Не худший способ самосохранения.
…Сегодня не его вахта. И потому как водится, обретался в своем мелком закутке, почему-то называемом каютой. Бесцельно водил углем по бумаге, с интересом наблюдая, что же выдаст подсознание. Пока получалось нечто вроде кляксы. Или черного зловещего спрута с бездонными провалами глаз.
Не очень жизнерадостно. Сбудется или нет?.. Лучше бы нет.
Лампа над люком мигнула красным, но Олаф сделал вид, что не заметил. Лампа настойчиво мигнула еще дважды, призывая встать и плестись на пост. Не сирена, но отреагировать обязан, как ни крути.
И будто в ответ на мысли снаружи раздался топот и голоса. По корпусу лодки прошла мелкая дрожь, протяжно застонал металл, а ровный гул моторов сменил тон, стал ниже, зашумела вода за переборкой — погружение.
Любопытно. Ведь грузовик днями и неделями не менял горизонта, а маневры расписаны на дни вперед. Олаф знал, когда повернут, когда ускорятся или замедлятся, мог предсказать с точностью до пяти минут.
Что могло произойти? Поломка автоматона? Вскрылся газовый карман на дне? Пузыри иногда роняют лодки на нижние горизонты, и порой с фатальными последствиями. Но в этих водах подобного не случалось.

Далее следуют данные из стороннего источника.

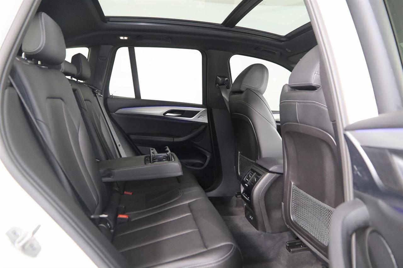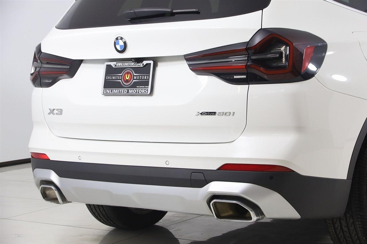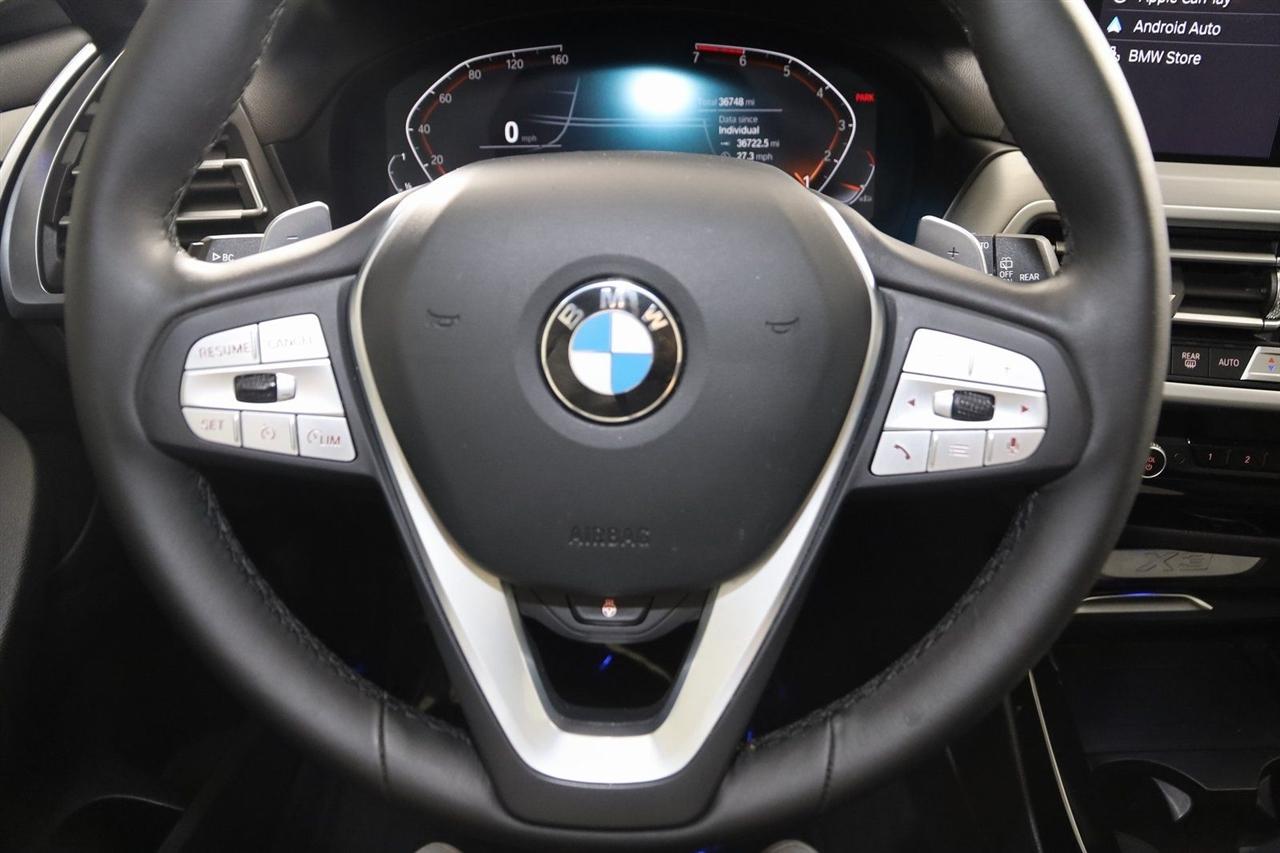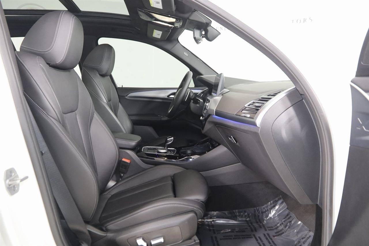 Navigation, Back Up Camera, Bluetooth, Panoramic Roof, Touch Screen, Heated Front Seats, Heated Steering Wheel, Blind Spot, Apple CarPlay/Android Auto, X3 xDrive30i, 4D Sport Utility, 2.0L I4 TwinPower Turbo, 8-Speed Automatic Sport, AWD, Alpine White, Black Artificial Leather, Driver Lumbar Support, Heated Front Seats, Heated Steering Wheel, Live Cockpit Pro w/Navigation, Navigation, Navigation System, Panoramic Moonroof, Premium Package.
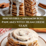 These delicious cinnamon roll pancakes combine the best of two breakfast favorites into one irresistible treat. Swirled with a cinnamon-sugar filling and topped with a creamy glaze, they’re perfect for a special morning or weekend brunch.

Уклонение от стаи китов? Или штурман допился-таки до зеленых чертей и решил повеселиться? И где ром достает? Глубина, давление и класс субмарины позволяют пить, но устав строг, а капитан знает потайные места, регулярно обшаривает. Да только рулевой-пройдоха ни разу не попался.
Что гадать-то? Надо разбираться.
Вздохнув, мичман отложил бумагу и уголь, натянул форменную куртку, подхватил обязательный по уставу рюкзак спас-комплекта. Толкнул рукоятку люка и окунулся в промозглую темноту коридора. Постоял немного, позволяя глазам привыкнуть, поежился сырости и направился к носу лодки.
На центральном посту царило необычное оживление. Гидроакустик сосредоточенно колдовал над приборами, вслушиваясь через наушники во нечто вовне. Штурман, что нетипично, сидел у поста рулевого и подкручивал штурвалы управления балластом. Капитан же напряженно переключал каналы внутренней рации, рычал в микрофон:
— Быстрее, Пил! Поднимай задницу и дуй в стыковочный, готовь оборудование!.. Потом доспишь, молот тебе в задницу!.. Шевелись! И ребят возьми, пусть скафы подготовят.
— Ниже на пятьдесят футов, — подал голос гидроакустик, худощавый пожилой мужчина в вязаной шапочке и сопливым носом по имени Киган. — Понемногу, не торопись.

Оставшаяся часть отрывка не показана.